Genèse par Princia Au commencement, l’Océan se nappe de corps faits miroirs de la terre ; il se mue de ces visiteurs en soufflant des graines sur 587 041 km². Une pluie de molécules blanches s’abat en effleurant les feuilles de bananiers. 1 « Ô Mer, laisse-moi dans le creux de tes vagues ! » Comme si elle ignorait leurs cris l’Aqueuse agrippe les racines de la barque.

2 Allongées sur l’écume en attendant le remou des mainws blanches, de longues heures évidées, vacarmes ensoleillés, de vaines larmes noyées par l’éveil. La nuit tombée, le village ne pleure pas de frêles torses troués mais le retour de la pluie feuilletant les cabanes. Ce monceau de terre égaré, par les bras verts et bleus des siens. Une histoire de valse incessée, leurs paquebots et nos rivages sous un ciel de baobabs. Enfin, glanée six pieds sous Terre, la marche de l’Histoire retrouve son métronome. 3

4 Et nous remontons, l’aube revenue, sur le sable brûlant à nos pieds.
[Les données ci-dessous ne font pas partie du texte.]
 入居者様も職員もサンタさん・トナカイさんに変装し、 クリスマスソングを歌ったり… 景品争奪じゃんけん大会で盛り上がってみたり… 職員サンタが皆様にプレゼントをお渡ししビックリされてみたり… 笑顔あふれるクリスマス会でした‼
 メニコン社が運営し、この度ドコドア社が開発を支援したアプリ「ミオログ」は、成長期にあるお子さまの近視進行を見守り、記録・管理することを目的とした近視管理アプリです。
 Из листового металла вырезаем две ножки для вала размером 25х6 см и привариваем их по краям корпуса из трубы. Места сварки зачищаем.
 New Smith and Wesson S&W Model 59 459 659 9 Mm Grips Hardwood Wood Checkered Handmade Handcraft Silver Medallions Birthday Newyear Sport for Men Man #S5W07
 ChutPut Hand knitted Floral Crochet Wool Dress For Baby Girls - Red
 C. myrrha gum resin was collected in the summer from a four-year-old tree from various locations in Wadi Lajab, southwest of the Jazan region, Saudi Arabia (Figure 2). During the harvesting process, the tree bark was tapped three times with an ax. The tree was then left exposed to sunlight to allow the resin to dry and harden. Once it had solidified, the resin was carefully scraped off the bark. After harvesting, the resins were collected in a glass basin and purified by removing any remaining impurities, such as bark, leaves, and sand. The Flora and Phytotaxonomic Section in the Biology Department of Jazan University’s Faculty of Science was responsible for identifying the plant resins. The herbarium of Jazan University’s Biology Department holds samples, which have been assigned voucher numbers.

Ce mouvement est un hymne à celles qui ont su transpercer la terre pour

enfouir le bruit intermittent des balles. Le bois de santal embaume et apaise nos torses embrasés. Le soleil n’est qu’un balancement de plus sur mon béton de peau.
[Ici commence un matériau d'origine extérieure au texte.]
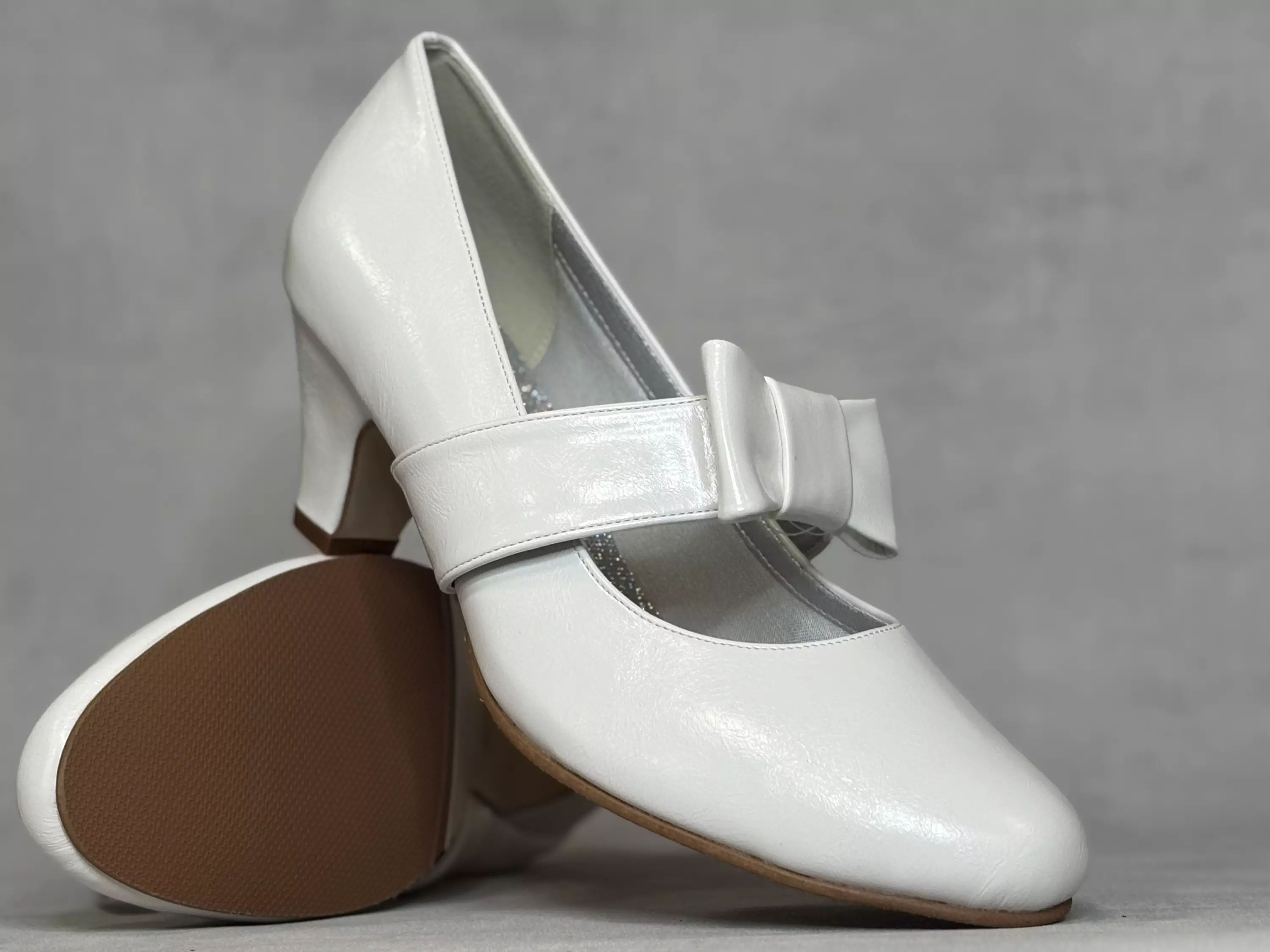 Valkoiset Chantana korkokengät ihanalla rusettiremmillä, joka asettuu somasti jalkapöydän päälle. Kenkien pinta on nahkaa muistuttavaa synteettistä materiaalia. Rusetin alla on pienet venykkeet, joiden jouston ansiosta kengät on helppo pukea jalkaan. Lisäksi ne parantavat kengän istuvuutta. Chantana korkokengissä on maltillinen 5cm korkea korko, joka sopii mainiosti myös niille, jotka eivät ole tottuneet käyttämään korkekenkiä. Jalka on Chantanan korkokengissä mukavassa asennossa.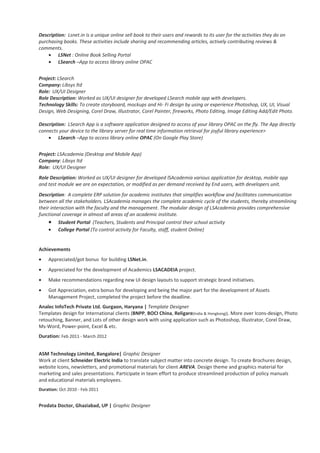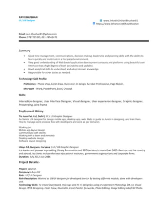 Ravi Bhushan is a skilled UI/UX designer with expertise in web-based application development, interaction design, and visual design tools such as Photoshop and Illustrator. He has experience leading design projects for mobile and desktop applications in various companies, with notable projects including lsnet.in and lsacademia while also mentoring junior designers. Ravi holds an advanced diploma in computer applications and is recognized for his contributions and achievements in design projects.

Le vaste cercueil boisé garde le soufre des noyés abominables dans leurs poumons et nous dansons sous une pluie disparate de mousson ;

Le phare grapille le ciel et secoue ses mouettes riantes sur nous.

des têtes brunes sous le crachat des vagues, l’Île loin derrière. Un bâteau meurt sous les crépitements du jour, 1146 navires déboutés.

Ces voleuses de sommeil s’éparpillent. Soudain, le jour s’évanouit.

La surface écarlate de la tour couleur sienne, écho immaculé de nos rires dans 52 850 mesures de silence.

Chaque pied lévite pour un court battement, des papillons au bord des paumes et crépuscule après crépuscule, les mains liées prient un rivage silencieux. Dans les soubresauts nocturnes, chacune retient son souffle jusqu’au dernier crépitement.

Le mousquet dérive sur la plage et une main cuivrée ploie ce vestige de canopée rendu à la terre, entre mille larves, où une grammaire de feuillage susurre des riffs incandescents. Nous naissons à nouveau, la bruine nous enfante pour toujours.

Les pissenlits chuchotent au creux des nuques une litanie d’heureuses.

La distance entre la prochaine île et nous s’étire à vue dans un bonheur insouciant. Bientôt, le chant des pluviers fait pleuvoir sur nos têtes une vie sans peur.